I'm doing Amazon review sentiment analysis with RNN and LSTM. df2['Texts'] are Amazon customer reviews, and df2['label'] are binary integer 0 or 1.
tokenizer = Tokenizer(num_words=5000, split=' ')
tokenizer.fit_on_texts(df2['Text'].values)
encoded_docs = tokenizer.texts_to_sequences(df2['Text'].values)
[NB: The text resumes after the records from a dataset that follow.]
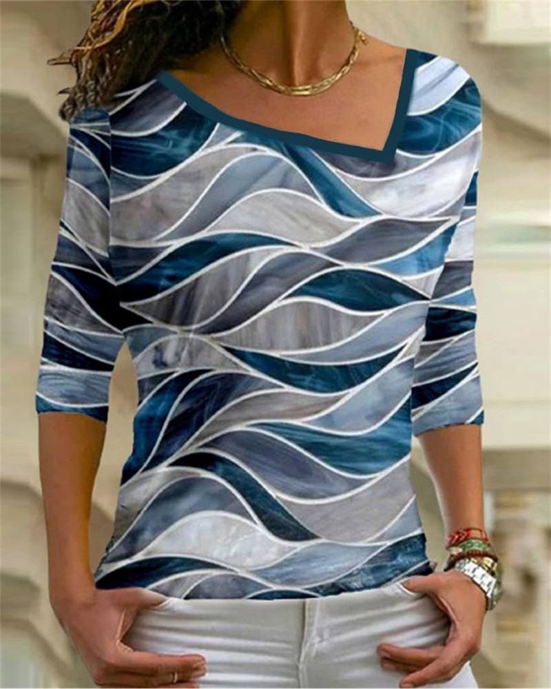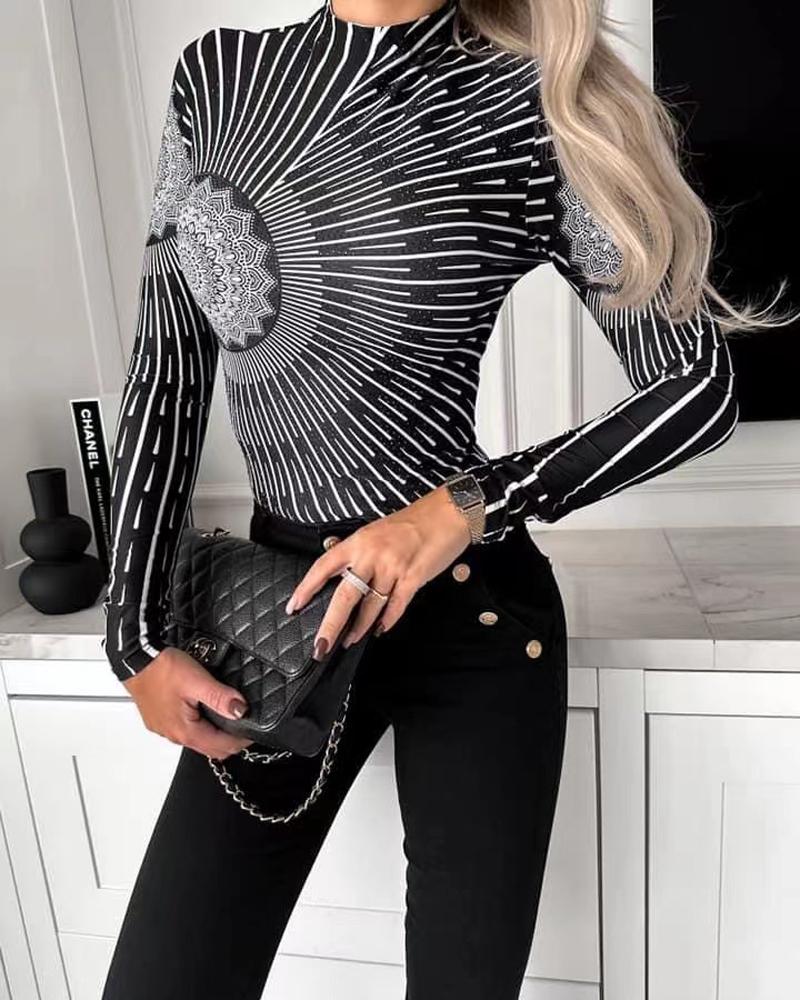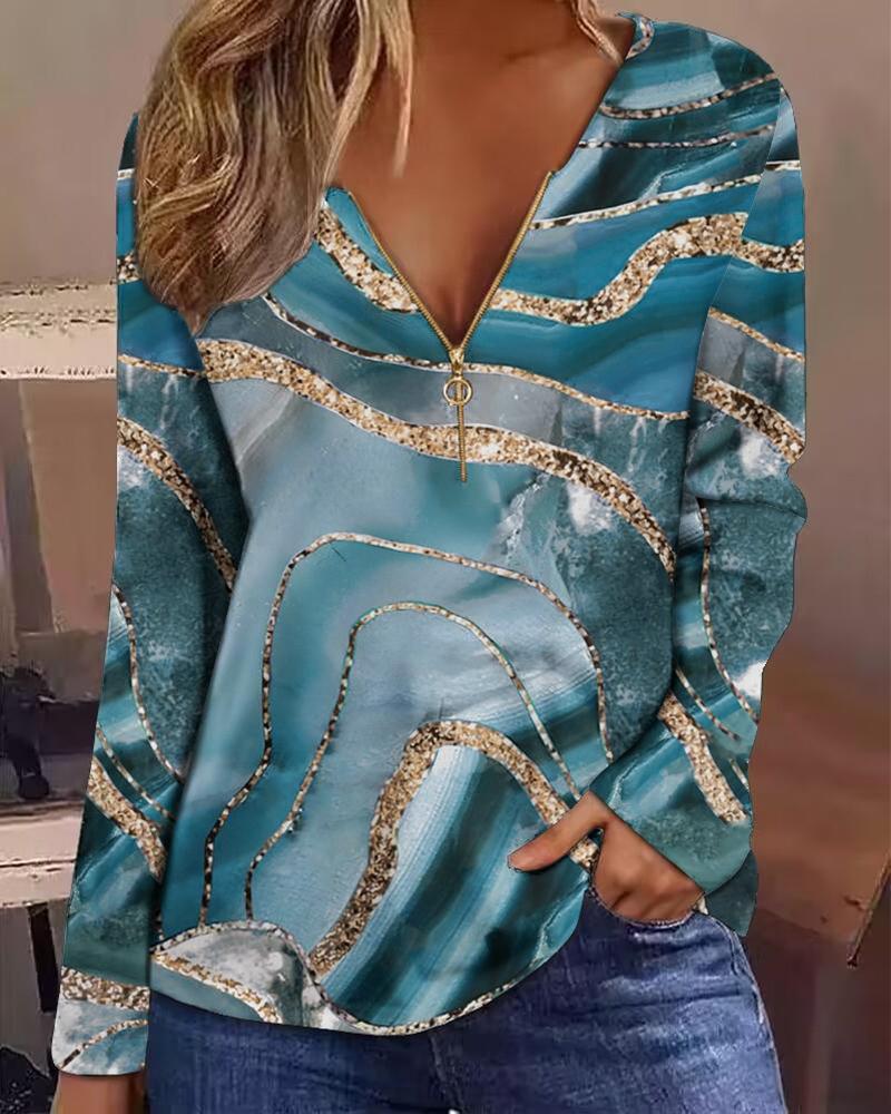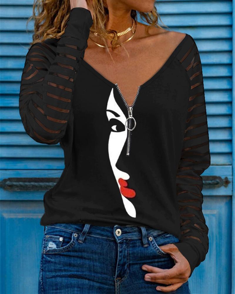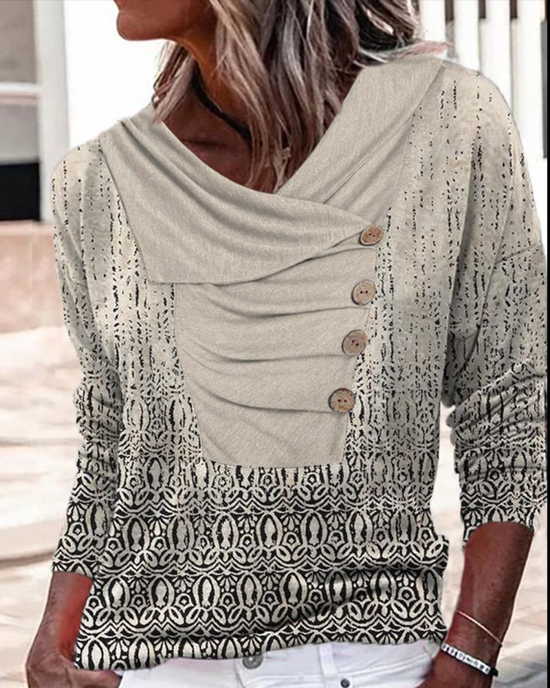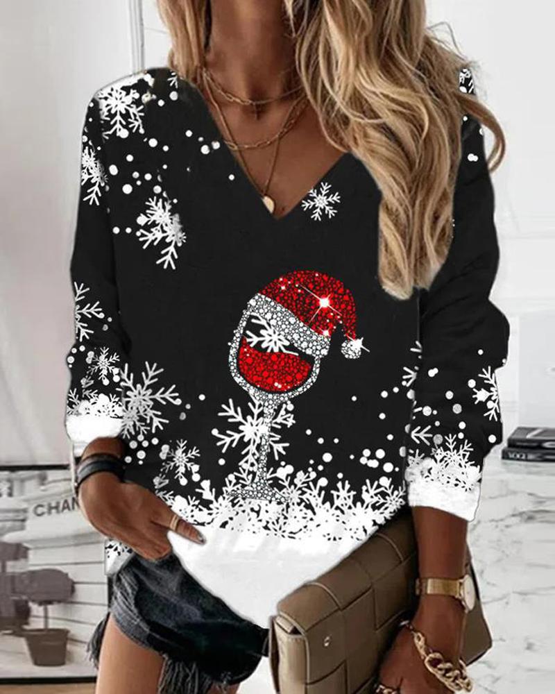 V-Neck Long Sleeve Print Top |
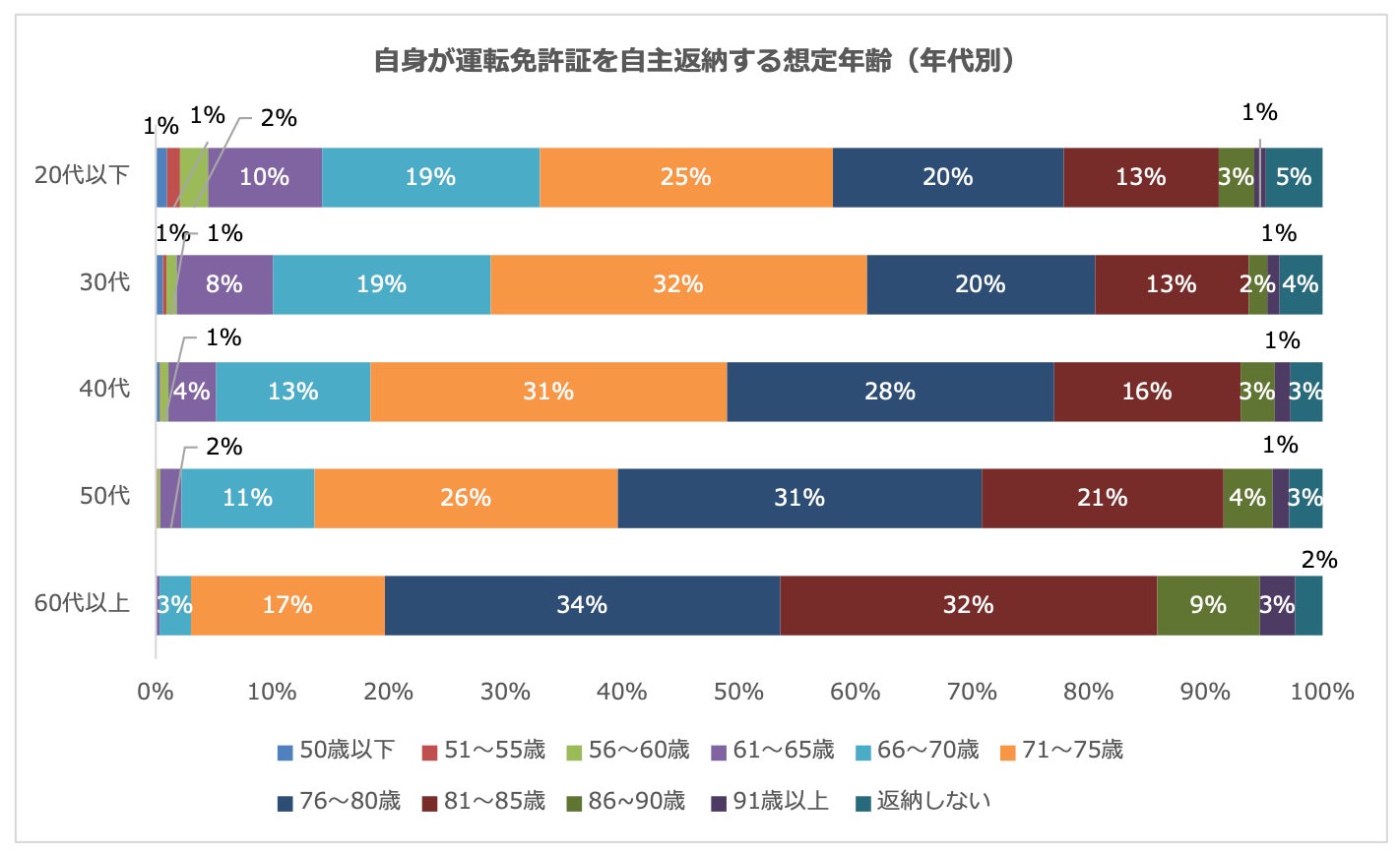 年代別に見ると、60代以上は他の年代と比較して「81〜85歳」が32%と10ポイント以上高く、「86〜90歳」も9%と5ポイント以上高い結果となりました。60代以上は返納時期をより高齢で考えている人が多いことが明らかになりました。
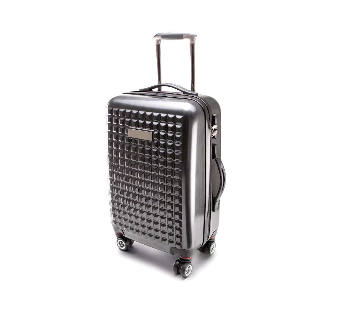 Valise trolley grand volume en polycarbonate très haute qualité, 4 roues doubles, design exclusif, divers rangements à l'intérieur, fermeture sur le côté cadenassée. Possibilité de personnalisation sur plaque en métal amovible.
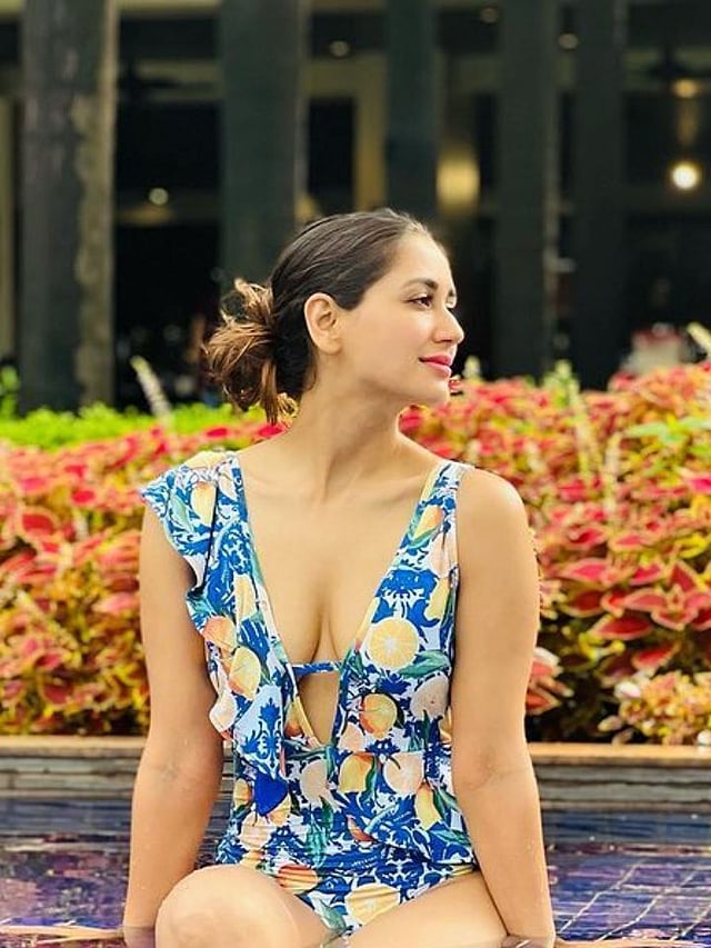 या फोटोंमध्ये निकितानं निळ्या रंगाची मोनोकिनी परिधान केलीय. अभिनेत्रीचा हा लूक चाहत्यांना खूप आवडलाय.
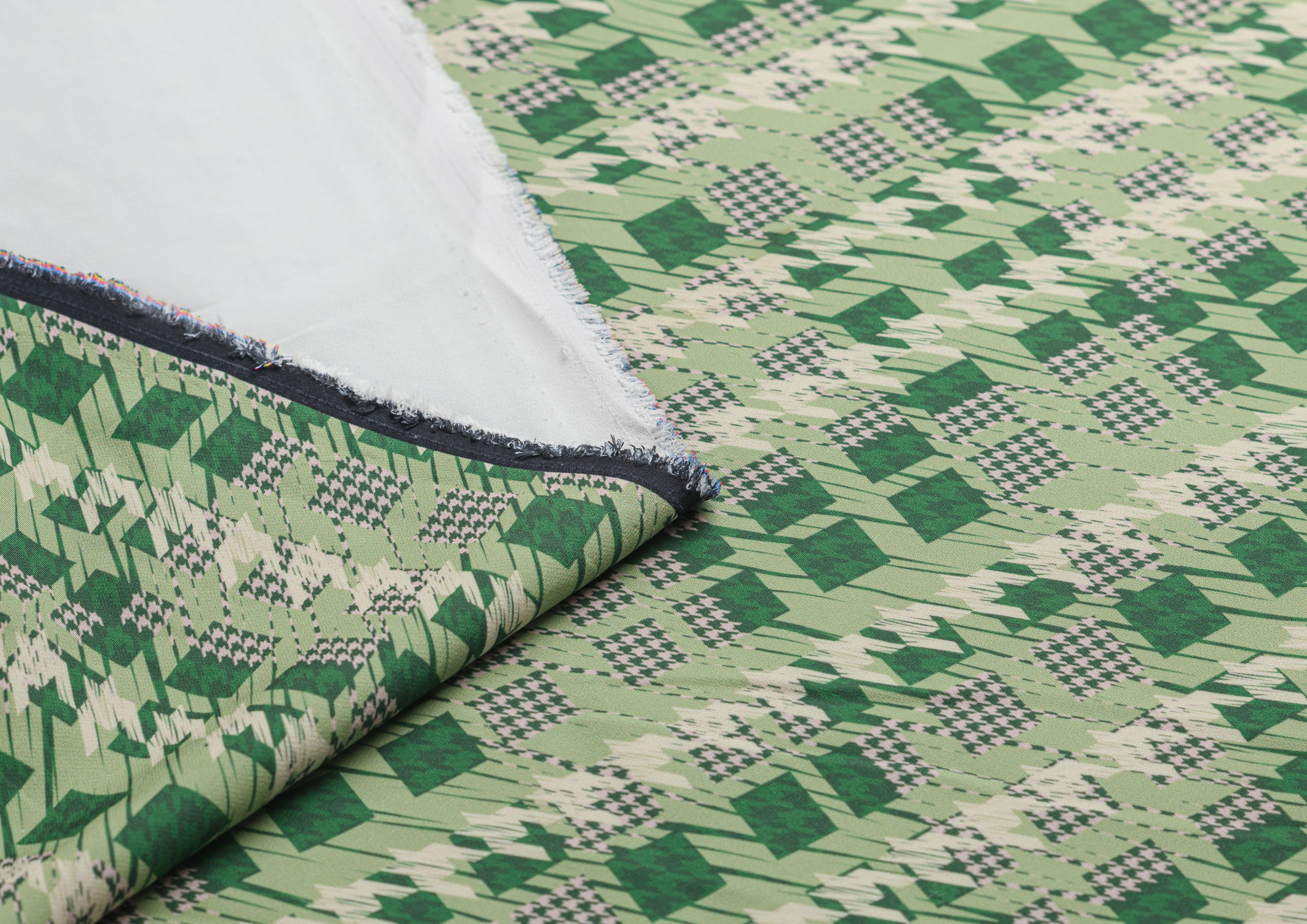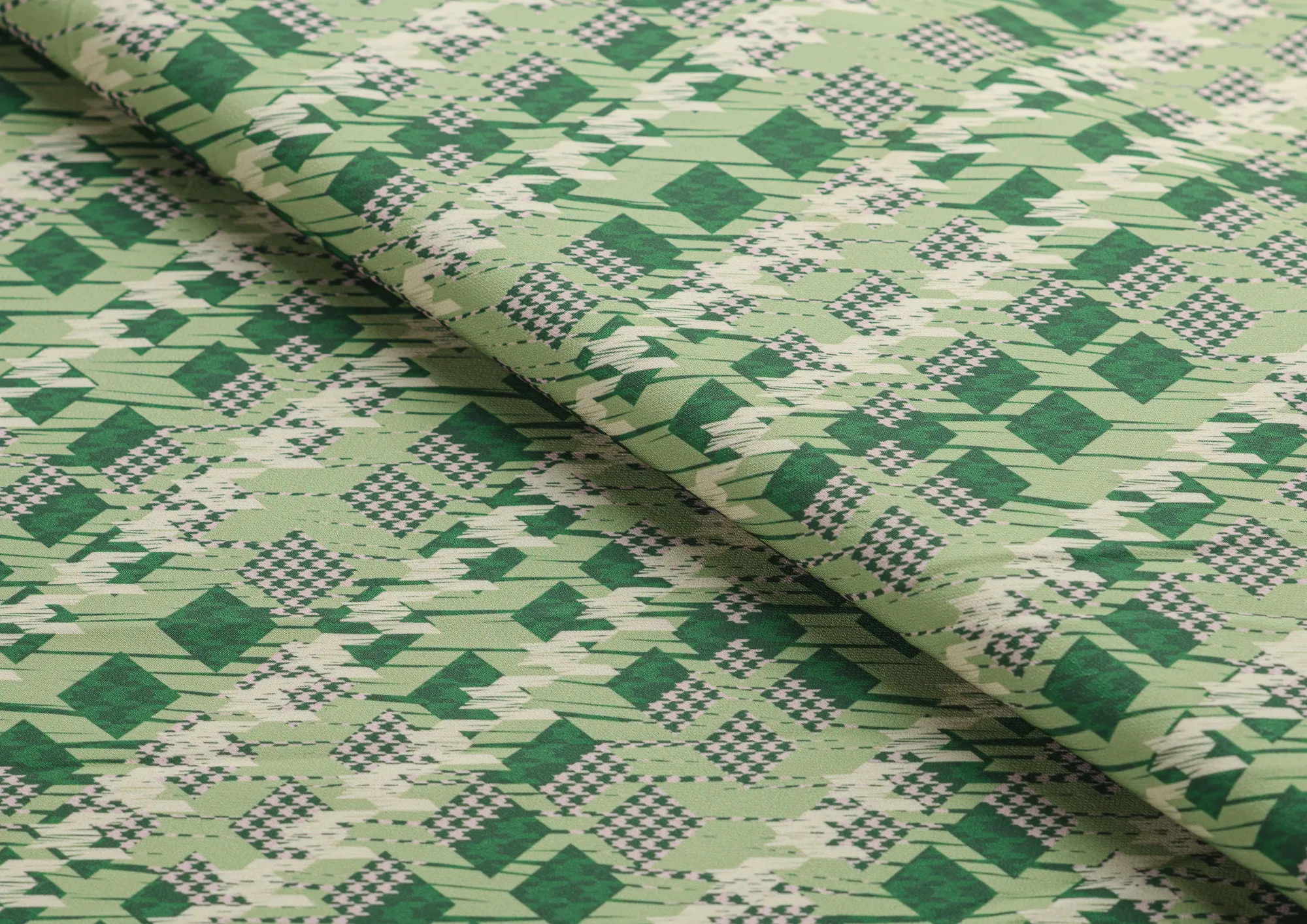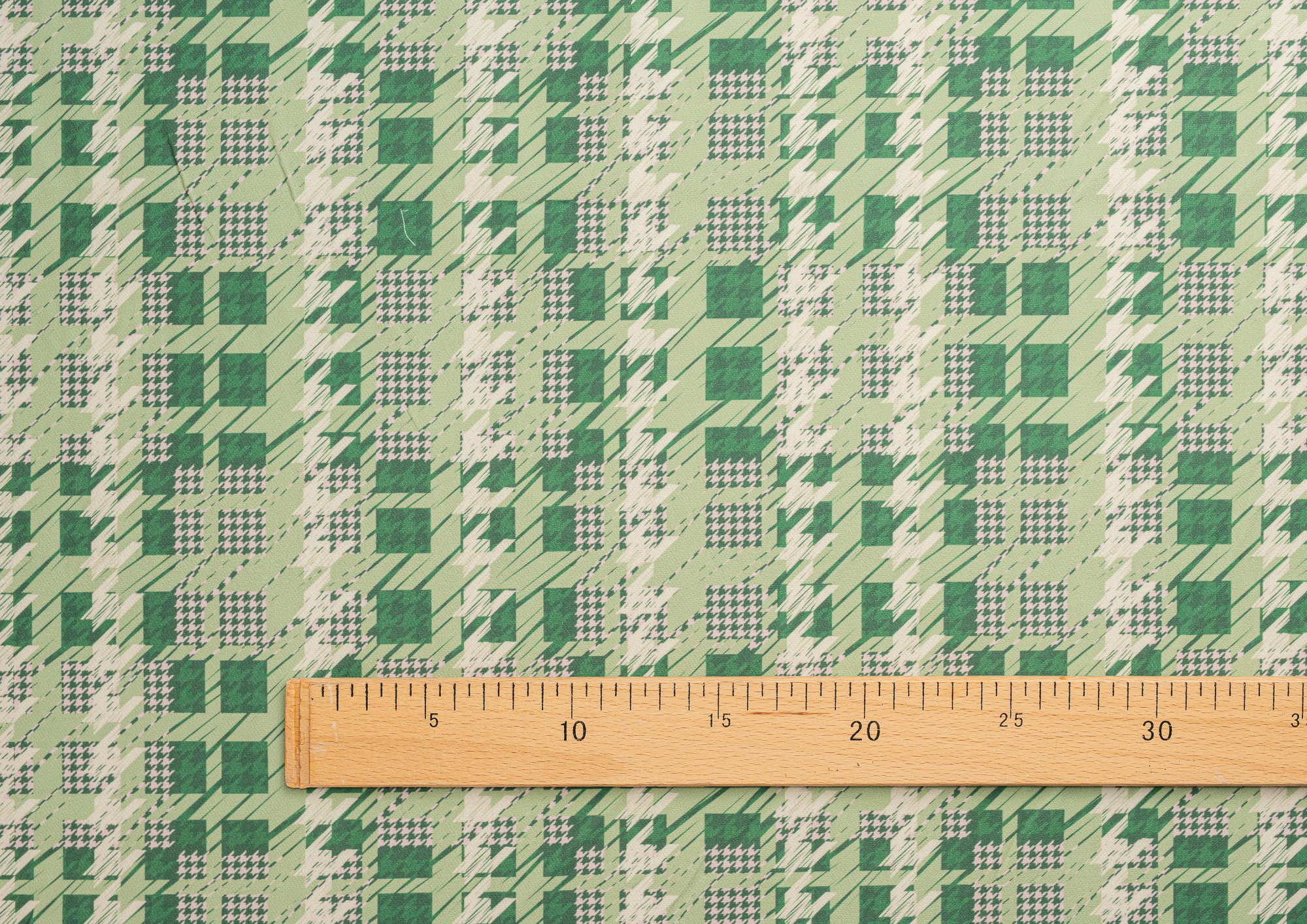 Ткань костюмная Барби Гусиная лапка принт Зеленая абстракция
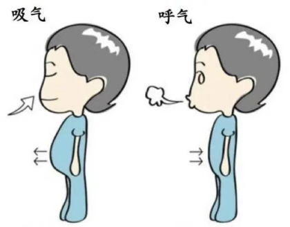 深吸气时,先使腹部膨胀,然后使胸部膨胀,达到极限后,屏气几秒钟,逐渐呼出气体。呼气时,先收缩胸部,再收缩腹部,尽量排出肺内气体。反复进行吸气、呼气,可以帮助你恢复平静。

X = pad_sequences(encoded_docs, maxlen = 1000)
X.shape # (3872, 1000)
y = df2['label']
X_train, X_test, y_train, y_test = train_test_split(X, y, test_size = 0.2, random_state = 42)
This is my model:
model = tf.keras.Sequential()
model.add(Embedding(1000, 64, input_length = X.shape[1]))
model.add(LSTM(176, dropout=0.4, recurrent_dropout=0.4))
model.add(tf.keras.layers.Dropout(0.3))
model.add(tf.keras.layers.Dense(32, activation='relu'))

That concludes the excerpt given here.